President of Malta from 1994 to 1999

Ugo Mifsud Bonnici, (born 8 November 1932) is a Maltese politician and was the fifth president of Malta from 1994 to 1999.

==Early life, education and family==
Ugo Mifsud Bonnici was born in Cospicua as the son of Professor Carmelo Mifsud Bonnici, and his wife, Maria (née Ross). He was educated at St Edward's College, Malta, the Lyceum and the Royal University of Malta. He graduated as a Bachelor of Arts in 1952 and as a Doctor of Laws in 1955. As a lawyer, he has practised in all the Law Courts of Malta. On 3 May 1959, he married Gemma (née Bianco); the couple has three childrenː Carmelo, Anton and Jeanne-Pia.

==Entry to politics==
Following in his father's footsteps, he contested the General Elections in the interests of the Nationalist Party in 1966. He was elected from the 2nd District which comprised Cospicua, Vittoriosa, Senglea, Kalkara and Fgura.
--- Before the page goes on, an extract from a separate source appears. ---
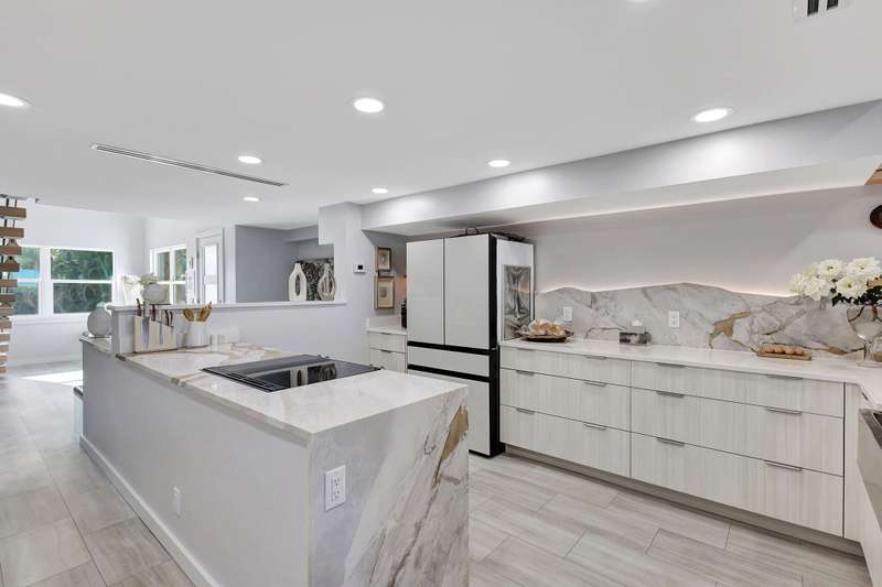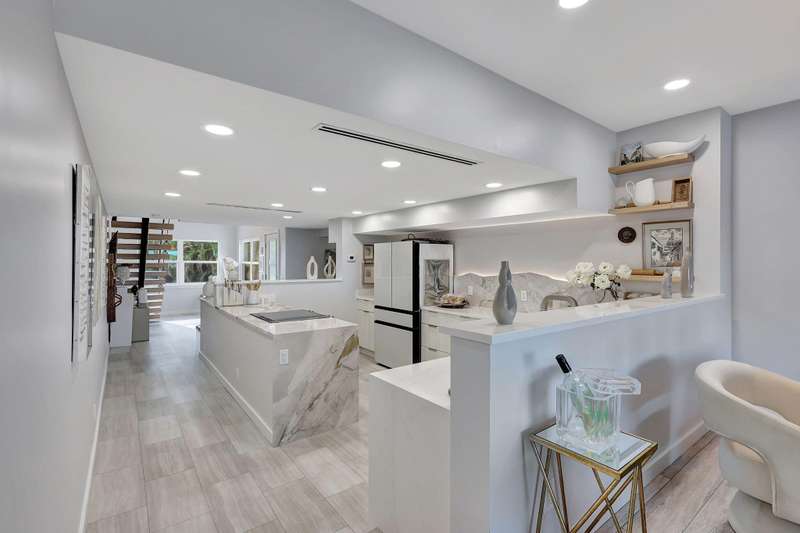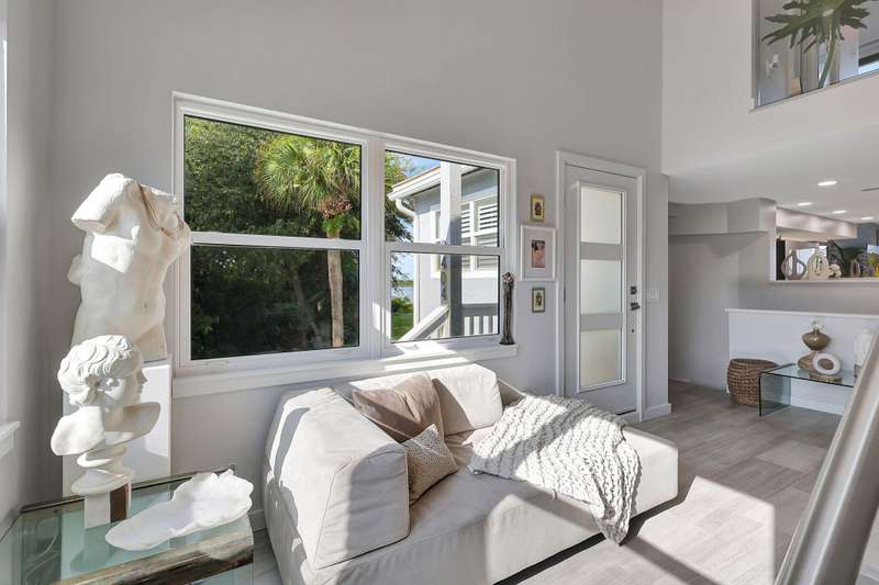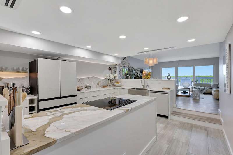 This spectacular, fully renovated riverfront townhome--proudly featured on HGTV's Beachfront Bargain Renovation--redefines luxury with three levels of stylish, turnkey living and the most breathtaking views on North Hutchinson Island.Every detail of this home blends beauty and durability, from the brand-new roof to the all-new impact glass and doors. The open-concept main floor dazzles with a gourmet kitchen, bespoke smart appliances, and stunning Dolomite countertops. Two spacious bedrooms and two elegantly remodeled bathrooms offer unmatched comfort and sophistication. Step outside to three expansive decks, including a private retreat off the master suite, where the unparalleled Intracoastal views will leave you in awe. This is more than a home--it's a rare gem for those seeking lux

He was re-elected in all subsequent General Elections that he contested. For fifteen years (1972–1987) he was the Nationalist Party's spokesman for Education. In 1977 he was also elected President of the Party's General and Administrative Councils.

==Member of the Cabinet==
In 1987, the Nationalist Party was elected to Government and Bonnici was appointed to the Cabinet as Minister of Education. His portfolio included Education, Environment, Broadcasting, Culture, Youth, Museums and Sport. In 1990, he became Minister of Education and the Interior. Following the 1992 elections, Mifsud Bonnici was appointed Minister of Education and Human Resources.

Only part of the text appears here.